Like every Wednesday, today in Game you will find a chronicle that hangs over a series or scene of a game to explain the feathers, whether related to narration or mechanics. For this twenty-fifth issue, we focus on the playful expression of madness in Hellblade: Senua’s Sacrifice.
For Charles Bukowski “Some people never go crazy. Their lives must be really boring”. & the ninja theory won’t say otherwise. Hellblade: Senua’s Sacrifice fully embraces this vision of the American poet and novelist. Because who is better placed than the Pictian warrior and her journey through the forbidden countries of Helheim to sink into madness with a smile on her face?
Senua’s journey begins on the banks of the realm of the dead. And the first contact with this universe is as disturbing as it is unusual.
“Hello who are you?” … whatever. Welcome. You don’t have to fear anything with me. I will continue to talk close to you without warning others. I will tell you the Senua story. A story has already ended, starting again.
Ninja Theory breaks the fourth wall from the first second. This daring choice creates a unique context, even for a video game and ensures a deliberate distortion of the story. The discomfort can be felt with the first stroke of the paddle. Multiple storytellers contribute to the growing feeling of discomfort. Various entities accompany Senua in voice-over and tell her story. These stories, which overlap, emphasize the loss of bearings of the heroine and that of a player who became a voluntary witness to the story. A mysterious storyteller, a connection between life and death and a supposed ally, an inexorable liar named Druth, give the keys to this universe … at least in appearance. And appearances are deceiving. Senua’s flickering mental health takes shape through artifacts, superimposed appearances, and visual persistence. The staging itself is on it and leaves it no delay. A camera of a third person, from the point of view of the player who personifies detachment of himself, approaches, investigates, turns around … and Senua perceives this presence. The viewer then becomes an actor, Senua’s journey … that of the player.
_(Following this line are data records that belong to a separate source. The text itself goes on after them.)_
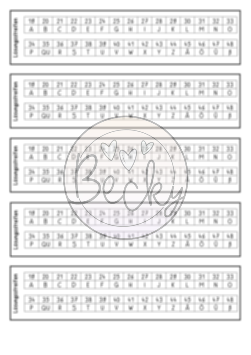 Am Ende „übersetzen“ sie die Nummern mit Hilfe des Lösungsstreifens in Buchstaben und erhalten von unten nach oben gelesen ein Lösungswort.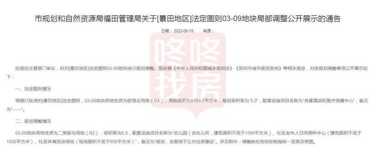 8月18日,深圳市规划和自然资源局福田管理局发布《关于[景田地区]法定图则03-09地块局部调整公开展示的通告》。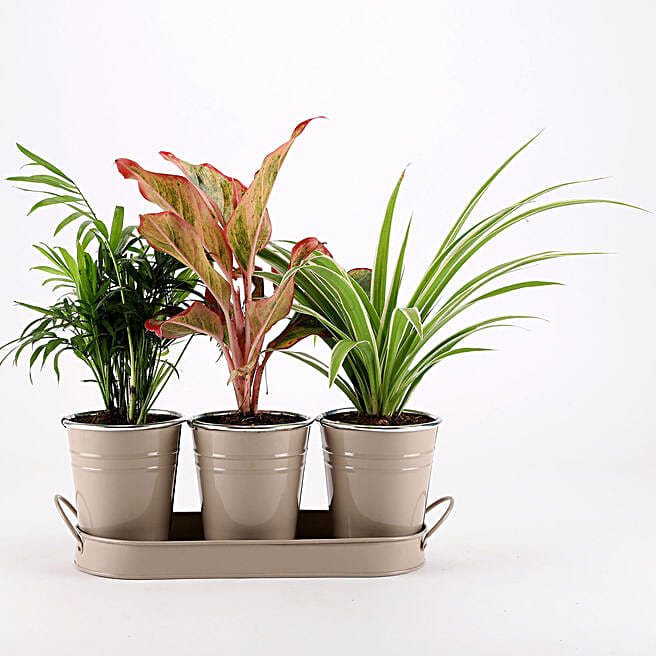 Three Air Purifying Plants in Beige Metal Pots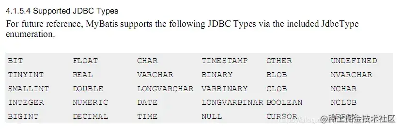 语法格式: #{ property,javaType=java 中数据类型名,jdbcType=数据类型名称 }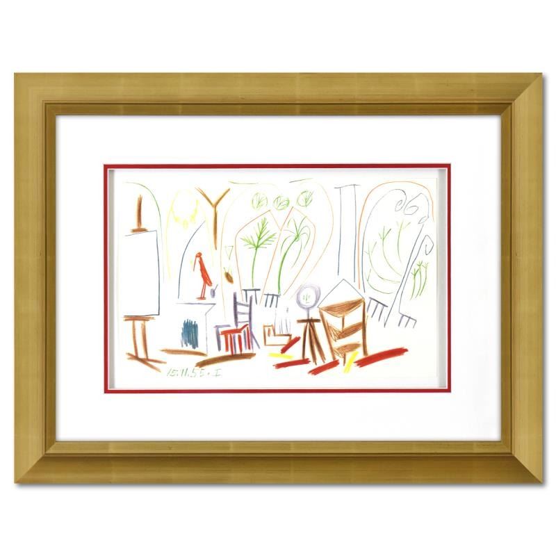 "Carnet de Californie 15.11.55-I" is a lithograph on paper by Pablo Picasso (1881-1973). This piece comes framed. Includes Letter of Authenticity. Measures approx. 27.5" x 21.5" (frame), 17" x 10" (image).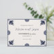 Dieses mexikanische Blue Floral Otomi Simple Fiesta Wedding Save the Date Design weist eine einfache und elegante Grenze mit dunkelblauen Blumen- und Vogelelementen auf, die in jeder Ecke delikat platziert sind. Der zentrale Bereich wird leer verlassen, gerahmt durch eine dünne blaue Linie, die einen sauberen und minimalistischen Hintergrund für den Text bietet. Die Kombination von Vögeln und Blume und die zurückhaltende Farbgebung verleihen dem Design ein raffiniertes und dennoch traditionelles Aussehen, das von mexikanischen Volksmotiven inspiriert wird.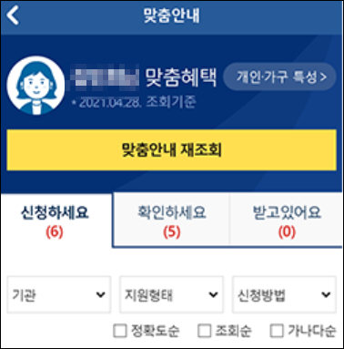 4. 미리 홈페이지를 통해 받을 수 있는 정부 혜택 목록을 확인하시고, 신청하는 것이 편리합니다 .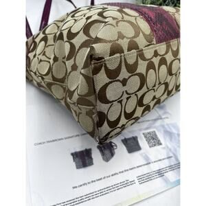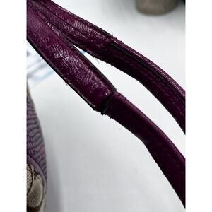 Authenticated F25706 raspberry snakeskin striped tan and brown signature logo tote bag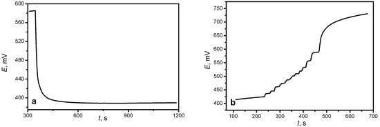 When the equivalence point was reached, a sharp jump in the potential was registered due to the formation of a new Ox-Red pair (Cr2O72−/Cr3+) (Figure 8b). The established Ox-Red potential of the solution increased insignificantly after the jump, followed a plateau, which suggests the complete oxidation reaction.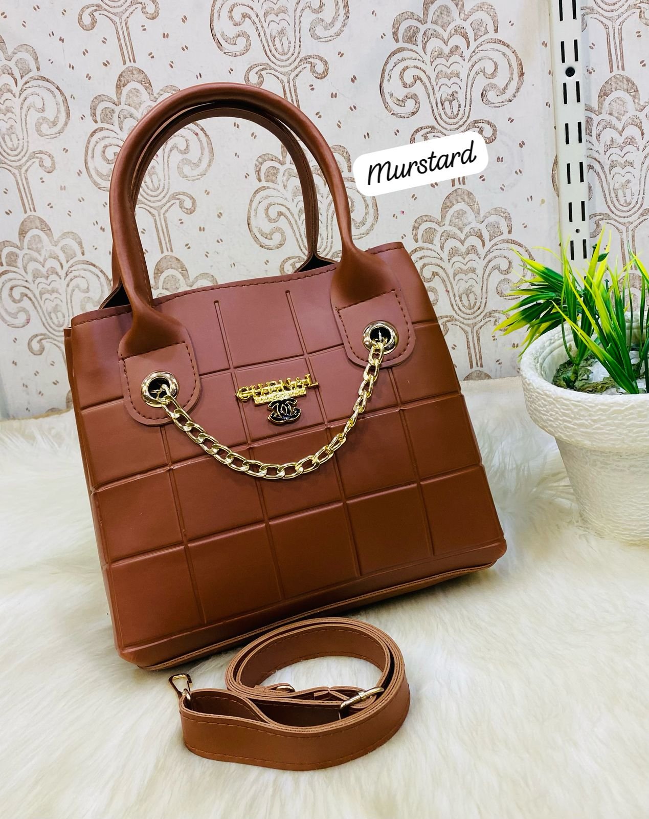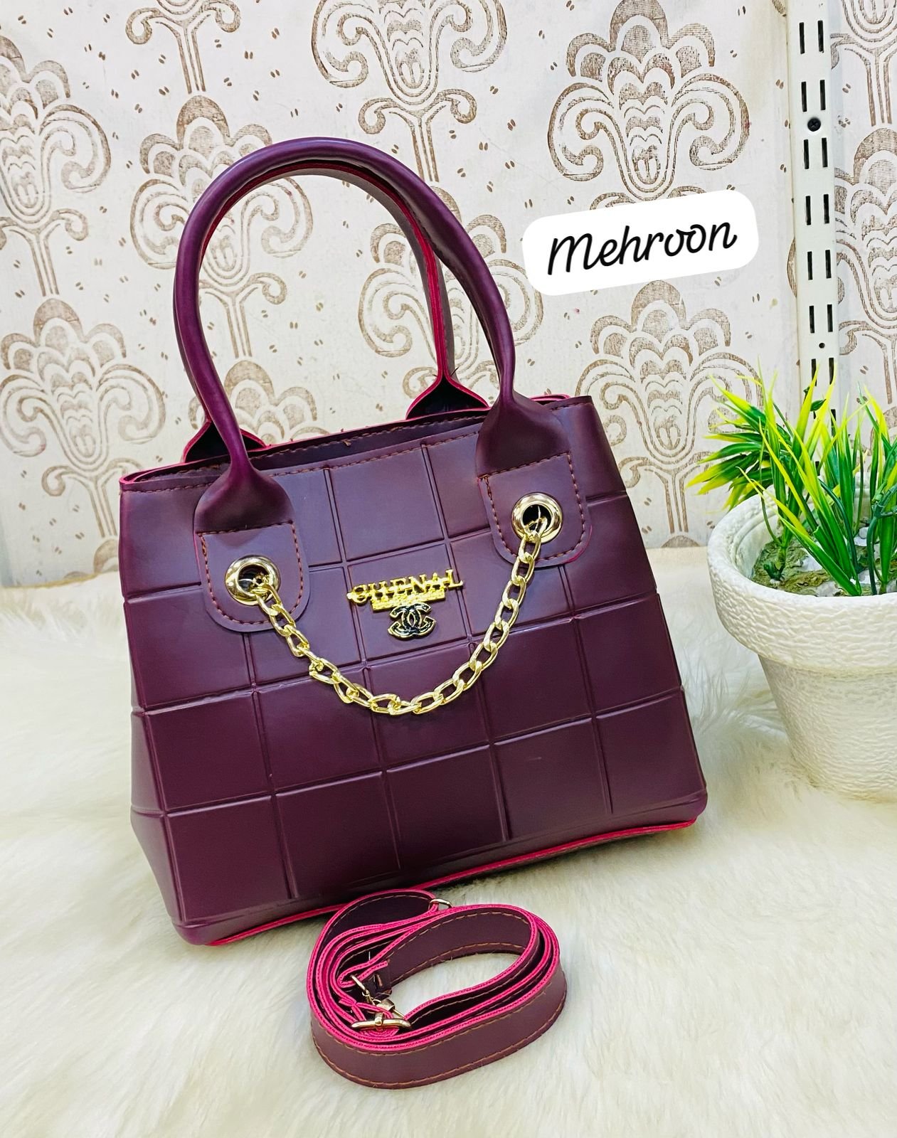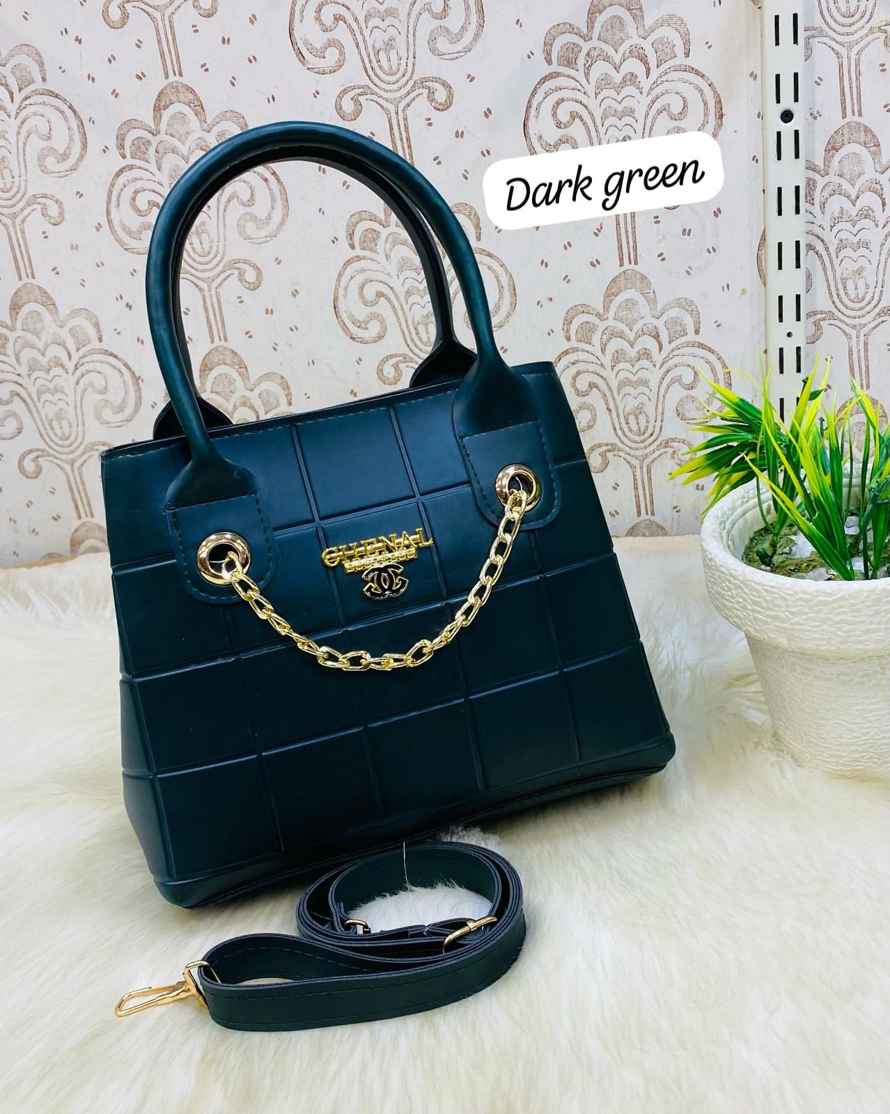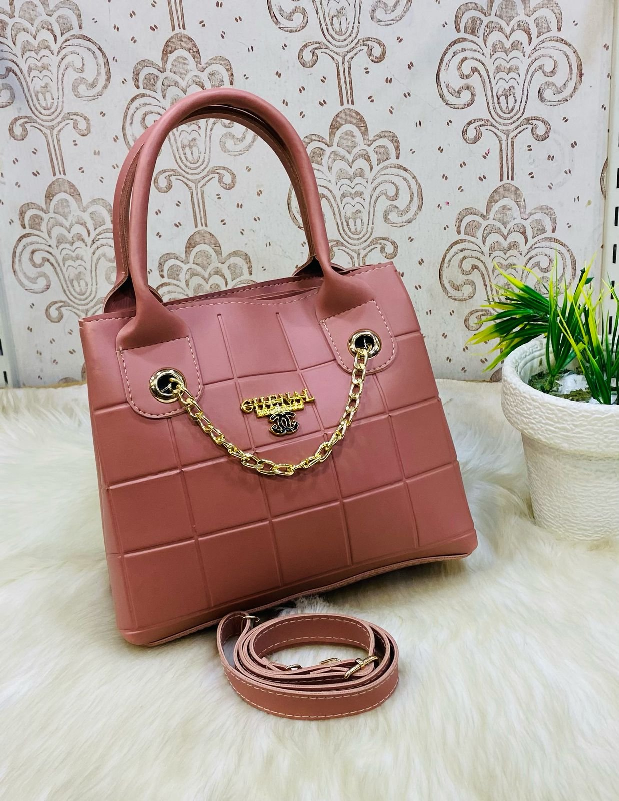 - Gold Chain Accent – Stylish gold chain detailing enhances the bag’s high-end, luxurious look.

Psychosis leads to loss of contact with reality through visual and audible hallucinations. And Hellblade builds its experience around this fundamental principle.
Senua is not alone in her head. The poor woman is constantly harassed by multiple voices who comment on every movement in real time. These Furies sometimes support the Pictian warrior and sometimes represent this stream of conflicting thoughts that haunts her. What merely causes whispers becomes hearing loss for both the player and the heroine. This cacophony, allegory of its psychotic condition, plays the role of both a precious ally and the worst enemy. These voices are always quick to offend and belittle you, and ensure your survival in the kingdom Hell … reinforce this sense of dizziness through spatialization and contextual relevance of this invective. The repetition of specific lexical fields contributes to the aggressiveness of the form and the acidity of the background …
They are coming. You’re a coward! Go away!
These chosen words leave a lasting impression on the mind and lead to positive thinking supported by the encouragement and advice of the same voices.
The song of Valravn. It’s there. No, there! There are two of them. Focus!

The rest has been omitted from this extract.